*Data segment*

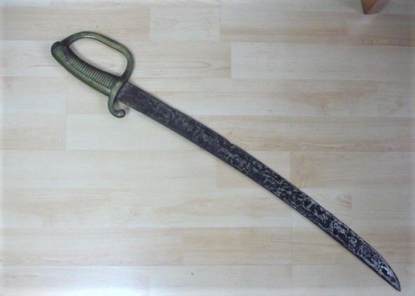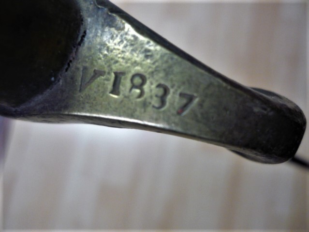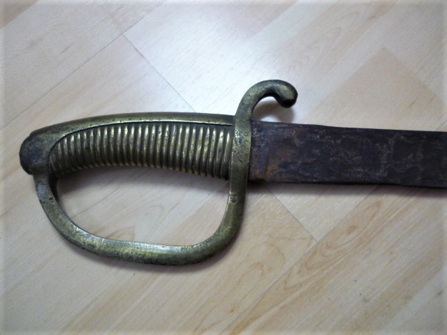 Das dürfte der "neu"-preußische Infanteriesäbel M 1818 sein. Dieses Muster geht zurück auf den französischen Sabre Briquet M 1801 und wurde in vielen deutschen Staaten sowohl bei der Armee als auch der Gendarmerie und auch von Beamten getragen. Meist stammte der diesbezügliche Bestand aus der Kriegsbeute von 1815, wurde aber auch in Solingen neu gefertigt. Verwendung fanden diese Säbel im gesamten 19. Jahrhundert, ihre Datierung ist meist schwierig, wenn nicht gerade, wie beim vorliegenden Stück eine Jahreszahl vorhanden ist.
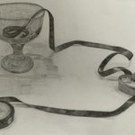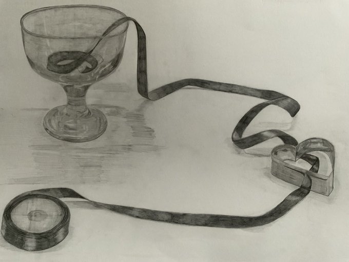 ワイングラスとリボンとハートの型 #デッサン #絵柄が好みって人にフォローされたい #絵描きさんと繫がりたい
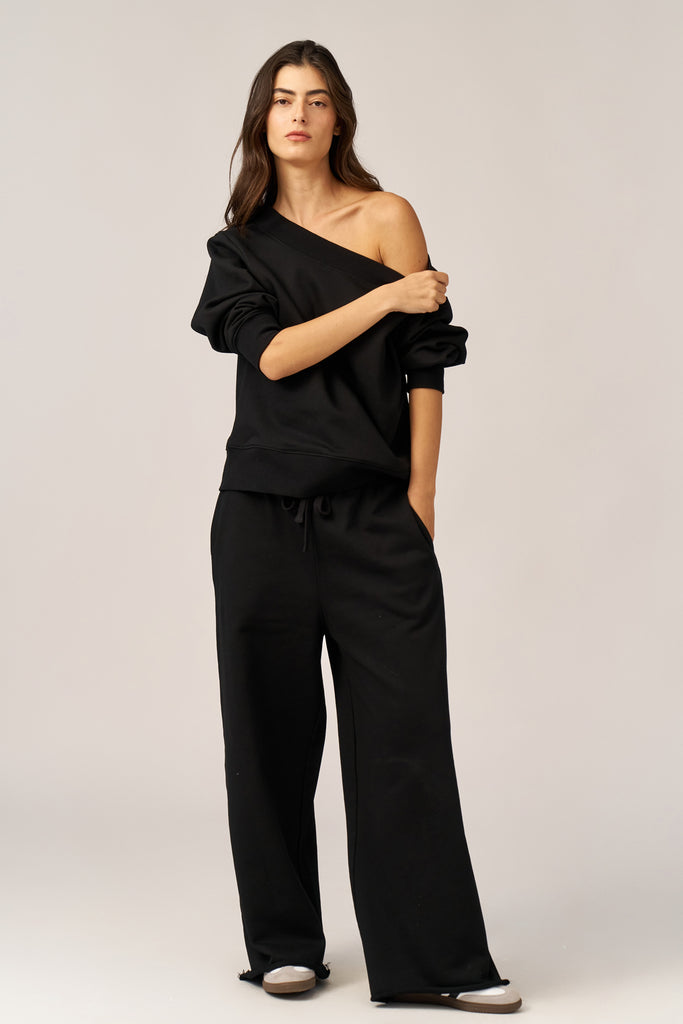 חולצת אוף שולדר פרנץ' טרי שחור

*Work instructions*
With the pictures removed, return the listing above in its exact original wording.

*Problem solution*
 Das dürfte der "neu"-preußische Infanteriesäbel M 1818 sein. Dieses Muster geht zurück auf den französischen Sabre Briquet M 1801 und wurde in vielen deutschen Staaten sowohl bei der Armee als auch der Gendarmerie und auch von Beamten getragen. Meist stammte der diesbezügliche Bestand aus der Kriegsbeute von 1815, wurde aber auch in Solingen neu gefertigt. Verwendung fanden diese Säbel im gesamten 19. Jahrhundert, ihre Datierung ist meist schwierig, wenn nicht gerade, wie beim vorliegenden Stück eine Jahreszahl vorhanden ist.
 ワイングラスとリボンとハートの型 #デッサン #絵柄が好みって人にフォローされたい #絵描きさんと繫がりたい
 חולצת אוף שולדר פרנץ' טרי שחור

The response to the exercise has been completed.